* Assignment
Would you please set down, word for word, the lines from the one with "-Gasto aumentó 51%" through the final line of the data below, omitting any pictures?
"""
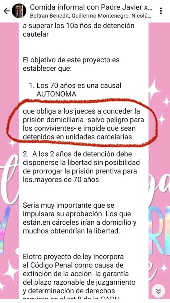 A partir de esto, Olea envió al menos unos dos documentos que contenían iniciativas creadas con el fin de imponer un “plazo razonable de los procesos y modificar la Ley de Ejecución Penal, el Código Penal y Procesal”. En la fila sumó un decreto reglamentario que permitiría sumar a las causas de lesa humanidad dentro del régimen propuesto. “Ravasi agrega que el proyecto tiene como finalidad obligar a los jueces a conceder la prisión domiciliaria manifestando que ‘los que están en cárceles irían a domicilio y muchos obtendrían la libertad’”, subrayó.
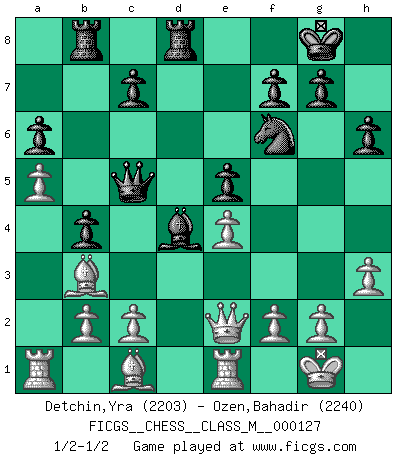 Last move : 1/2-1/2 2023 September 9 0:31:16 [Event "FICGS__CHESS__CLASS_M__000127"] [Site "FICGS"] [Date "2023.09.03"] [Round "1"] [White "Detchin,Yra"] [Black "Ozen,Bahadir"] [Result "1/2-1/2"] [WhiteElo "2203"] [BlackElo "2240"] 1.e4 e5 2.Nf3 Nc6 3.Bb5 a6 4.Ba4 Nf6 5.O-O Be7 6.Re1 b5 7.Bb3 O-O 8.a4 b4 9.d4 d6 10.dxe5 dxe5 11.Nbd2 Bc5 12.Qe2 Qe7 13.a5 Rd8 14.Bc4 Bg4 15.Qf1 h6 16.h3 Bxf3 17.Nxf3 Nd4 18.Nxd4 Bxd4 19.Qe2 Qc5 20.Bb3 Rab8 1/2-1/2 Follow this game move after move (download)Methodical thinking is of more use in Chess than inspiration. (C. J. S. Purdy) Nur ein wirklich starker Spieler weiß wie schwach er spielt. (Savielly Grigorievitsch Tartakower) El jugador táctico debe saber que hacer cuando algo se debe de hacer. El estratégico debe saber que hacer cuando nada se debe de hacer. (Savielly Tartakover) Les Echecs sont et restent toujours un combat, un combat intégral comme la boxe, la lutte ou un autre sport, et où il doit y avoir un vainqueur et un vaincu. (Joseph Emil Diemer) A good teacher is like a candle - it consumes itself to light the way for others. (Author unknown)
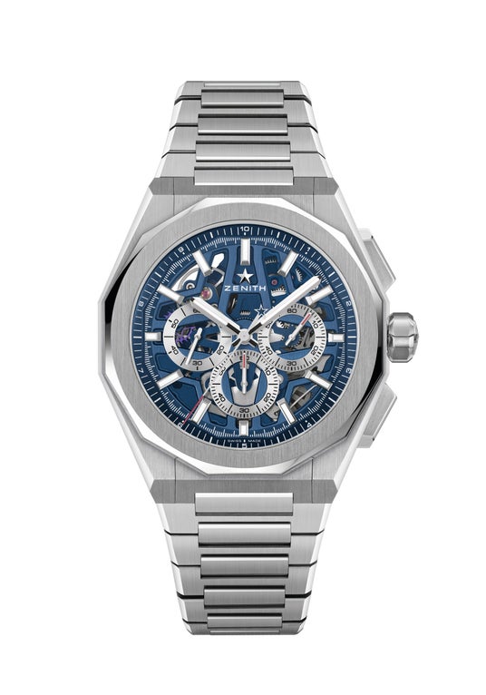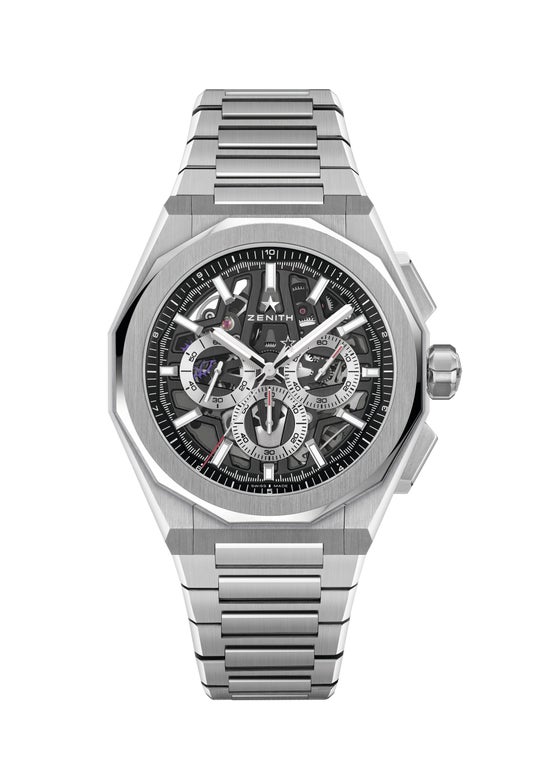 「デファイ スカイライン」の特徴である八角形の42mmケースはスチールを素材とし、12面のベゼルとダイナミックなプッシュボタンを備えています。ブラッシュ仕上げとポリッシュ仕上げを交互に施した表面に生まれる魅惑的な輝きと陰影が、その角張ったデザインを引き立てます。性能を重視したこのタイムピースは、シースルーの裏蓋を六角形のスクリュー4つとゼニススターのエングレービングを施したねじ込み式リューズで固定し、10気圧の防水機能を確保しています。
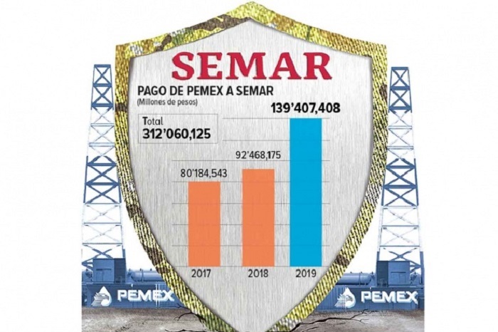 -Gasto aumentó 51% entre 2018 y 2019. -En los últimos tres años, la empresa del Estado pagó 312 millones de pesos a la Marina por el resguardo de sus instalaciones estratégicas. 24/02/2020 05:00 NAYELI GONZÁLEZ|Excélsior|CIUDAD DE MÉXICO. Con el fin de evitar daños por vandalismo y para combatir robos, entre 2017 y 2019, Petróleos Mexicanos (Pemex) pagó 312 millones 60.1 mil pesos a la Secretaría de Marina (Semar) para que vigile sus instalaciones estratégicas. El año pasado, la empresa productiva del Estado destinó más de 139 millones 407 mil pesos para…
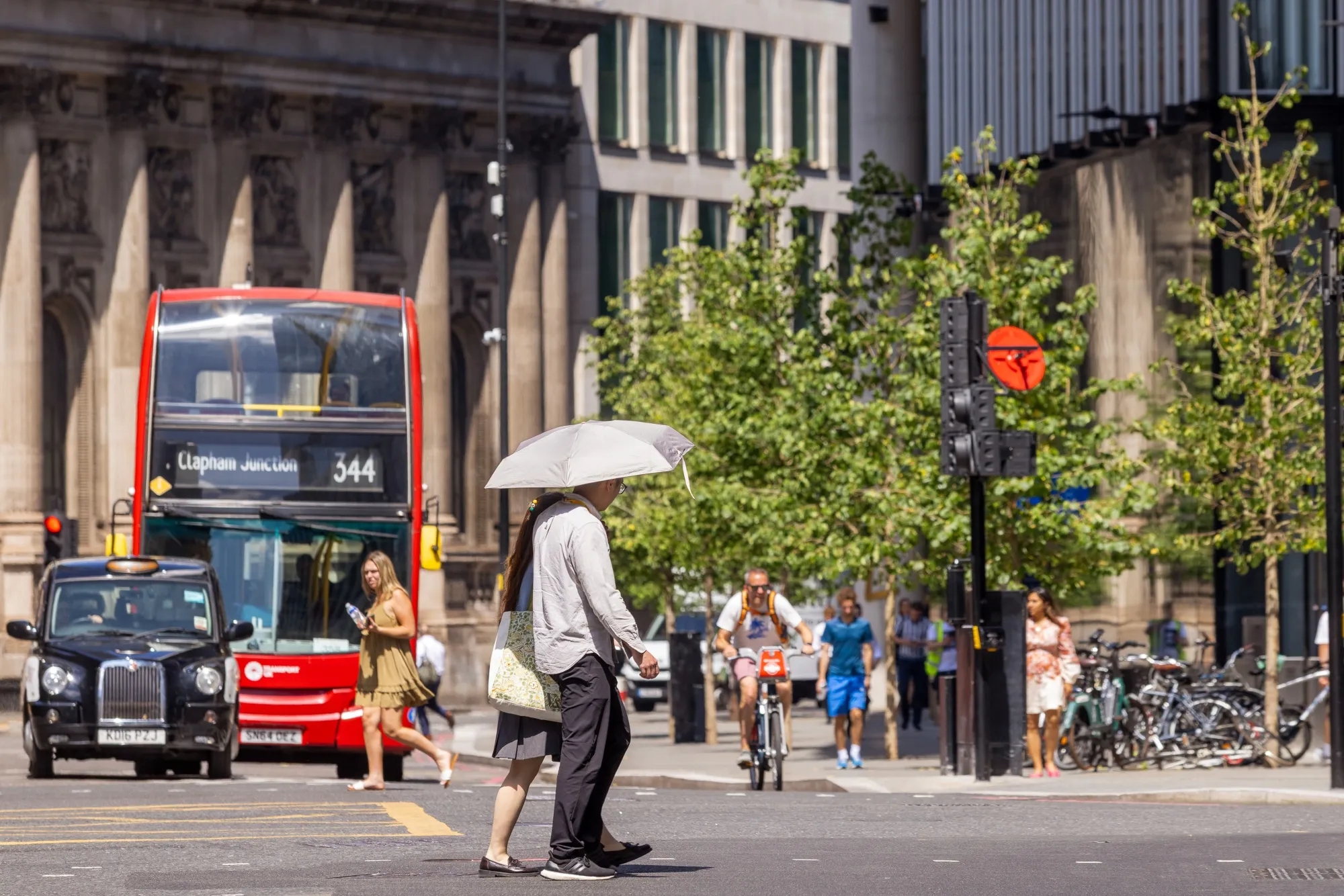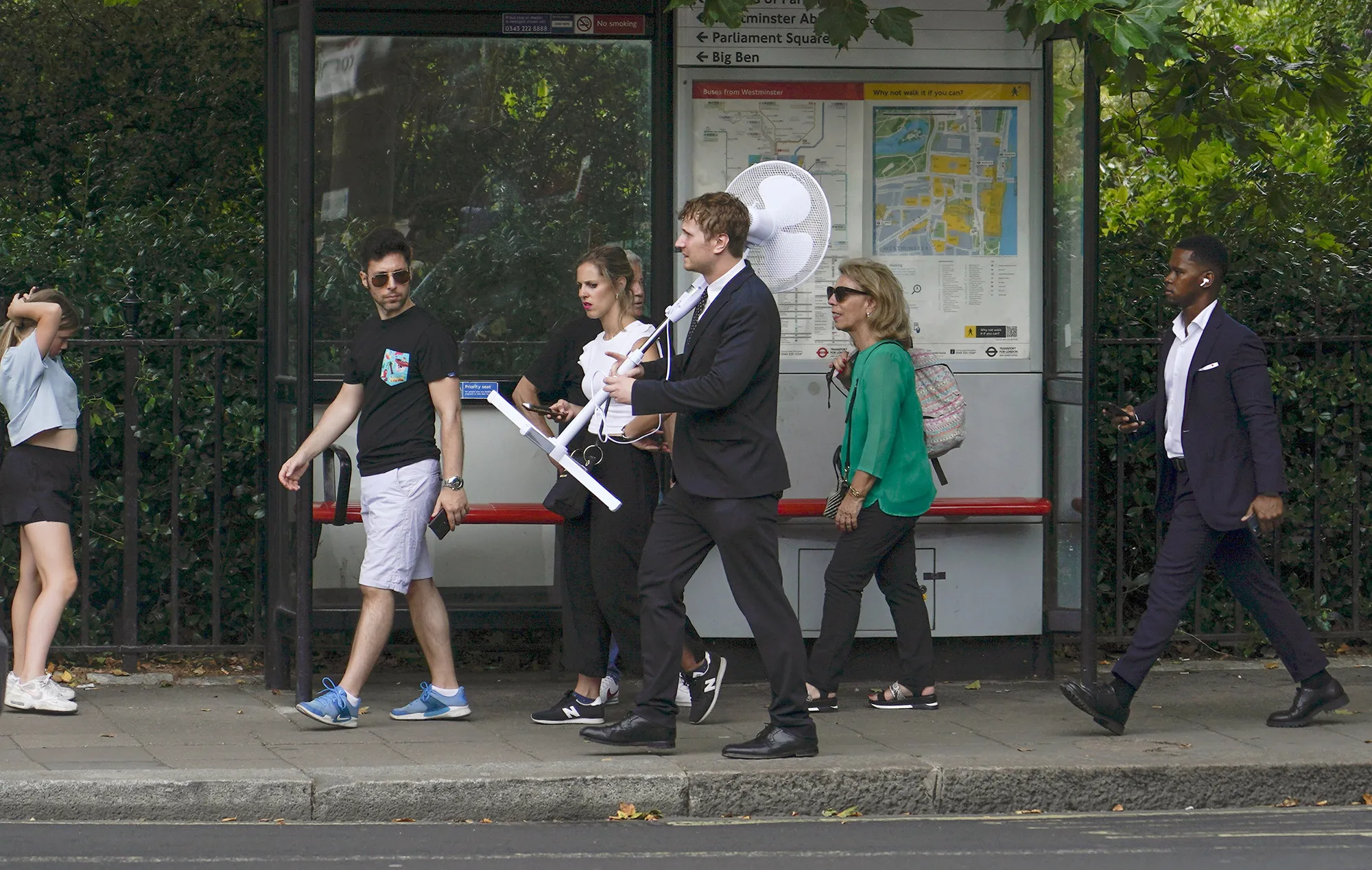 由於官方數據難以獲取,彭博新聞社決定自己動手測量。在上一次熱浪期間,在金融城,你可以聞到柏油燃燒的味道,工人們從Robert Dyas購買了新空調,正步行回家。
"""
* Task result
 -Gasto aumentó 51% entre 2018 y 2019. -En los últimos tres años, la empresa del Estado pagó 312 millones de pesos a la Marina por el resguardo de sus instalaciones estratégicas. 24/02/2020 05:00 NAYELI GONZÁLEZ|Excélsior|CIUDAD DE MÉXICO. Con el fin de evitar daños por vandalismo y para combatir robos, entre 2017 y 2019, Petróleos Mexicanos (Pemex) pagó 312 millones 60.1 mil pesos a la Secretaría de Marina (Semar) para que vigile sus instalaciones estratégicas. El año pasado, la empresa productiva del Estado destinó más de 139 millones 407 mil pesos para…
 由於官方數據難以獲取,彭博新聞社決定自己動手測量。在上一次熱浪期間,在金融城,你可以聞到柏油燃燒的味道,工人們從Robert Dyas購買了新空調,正步行回家。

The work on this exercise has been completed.